Howey v. State, 49S00-8903-PC-237

Citation557 N.E.2d 1326
Case DateAugust 14, 1990
CourtSupreme Court of Indiana

Susan K. Carpenter, Public Defender, John Pinnow, Deputy Public Defender, Indianapolis, for appellant.

Linley E. Pearson, Atty. Gen., Louis E. Ransdell, Deputy Atty. Gen., Indianapolis, for appellee.

GIVAN, Justice.

This is an appeal from the denial of post-conviction relief. In 1976, appellant was convicted of First Degree Murder. The trial court sentenced appellant to life imprisonment. The conviction was affirmed by this Court. Howey v. State (1977), 267 Ind. 15, 366 N.E.2d 662.

Following a hearing on this petition, the trial court made thorough findings of fact and conclusions of law and denied post-conviction relief.

The petitioner in a post-conviction relief proceeding bears the burden of establishing the grounds for relief by a preponderance of the evidence, and the post-conviction relief court is the sole judge of the evidence and the credibility of the witnesses. Schiro v. State (1989), Ind., 533 N.E.2d 1201, cert. denied, --- U.S. ----, 110 S.Ct. 268, 107 L.Ed.2d 218. The reviewing court will not reverse the judgment of the post-conviction court unless the evidence on this point is undisputed and leads inevitably to a conclusion opposite that of the trial court. Id.

The post-conviction relief process is open to the raising of issues not known at the time of the original trial and appeal or for some reason not available to the defendant at that time. Bailey v. State (1985), Ind., 472 N.E.2d 1260. This Court stated in Langley v. State (1971), 256 Ind. 199, 210, 267 N.E.2d 538, 544:

"To unreservedly hold the door open for appellate review under the post conviction remedy rules, regardless of the circumstances which preceded, would perforce characterize post conviction relief as some sort of 'super-appeal' contrary to its intended function."

Appellant claims the trial court erred in denying his post-conviction relief where he was denied effective assistance of appellate counsel and trial counsel.

This Court in Aubrey v. State (1985), Ind., 478 N.E.2d 70, discussed the standard of review for effective assistance of counsel. See also Townsend v. State (1989), Ind., 533 N.E.2d 1215; Mato v. State (1985), Ind., 478 N.E.2d 57. As to appellant's contentions, we will examine each of the alleged inadequacies under the two-part test in Strickland v.

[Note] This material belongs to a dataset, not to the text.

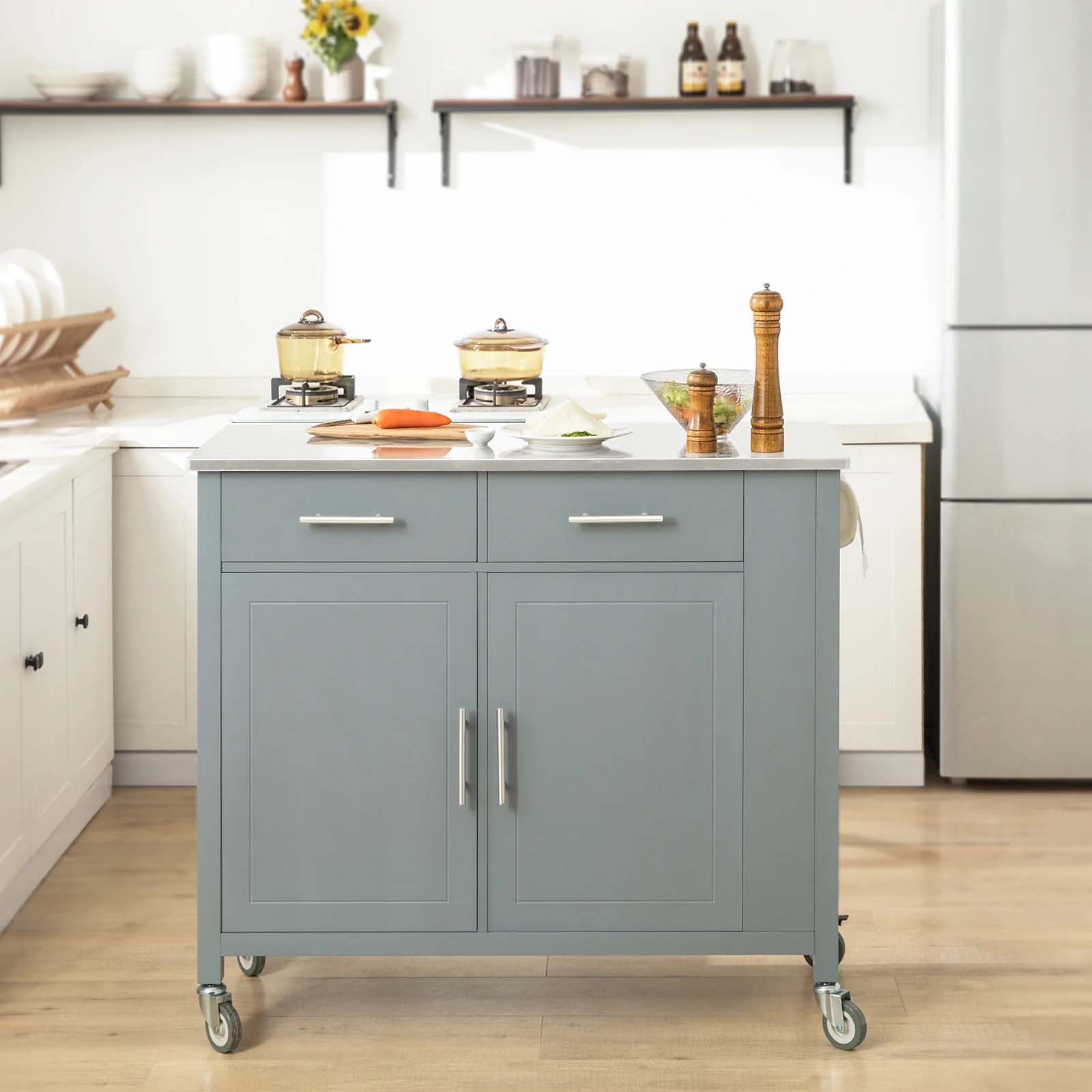 Fritstående køkkenø med bordplade i rustfrit stål Denne elegante køkkenø har en smuk bordplade i rustfrit stål, der med sin glatte og hårde overflade er både slidstærk og let at rengøre. Designet er inspireret af skandinavisk minimalisme med rene, enkle l

Washington (1984), 466 U.S. 668, 104 S.Ct. 2052, 80 L.Ed.2d 674.

Appellant contends that his prior appellate counsel was ineffective in that he did not contest the denial of his motion to suppress regarding certain items found in a locker.

Sergeant George Battles was present when appellant and Sandra Lloyd were arrested in the parking lot of the Greyhound Bus Station. In the police station, Lloyd gave a statement. Thereafter Sergeant Jerry Campbell and two other officers returned with Lloyd to the Greyhound Bus Station and Lloyd pointed out one specific locker which was locked. Upon learning that the key had been flushed down the toilet, Campbell directed the person with the master key to open the locker. Inside the locker he found one large green suitcase, a small brown suitcase, and a blue coat.

During trial, a hearing was held as to the admissibility of these items. Sergeant Campbell testified that Lloyd told him what was in the locker, and the reason they had put the items in the locker was to get rid of them. Sandra Lloyd testified that she and appellant went to the bus station the day of the killing and put some items in a locker. Appellant later informed Lloyd that he had flushed the key down the toilet. The trial court eventually admitted the evidence.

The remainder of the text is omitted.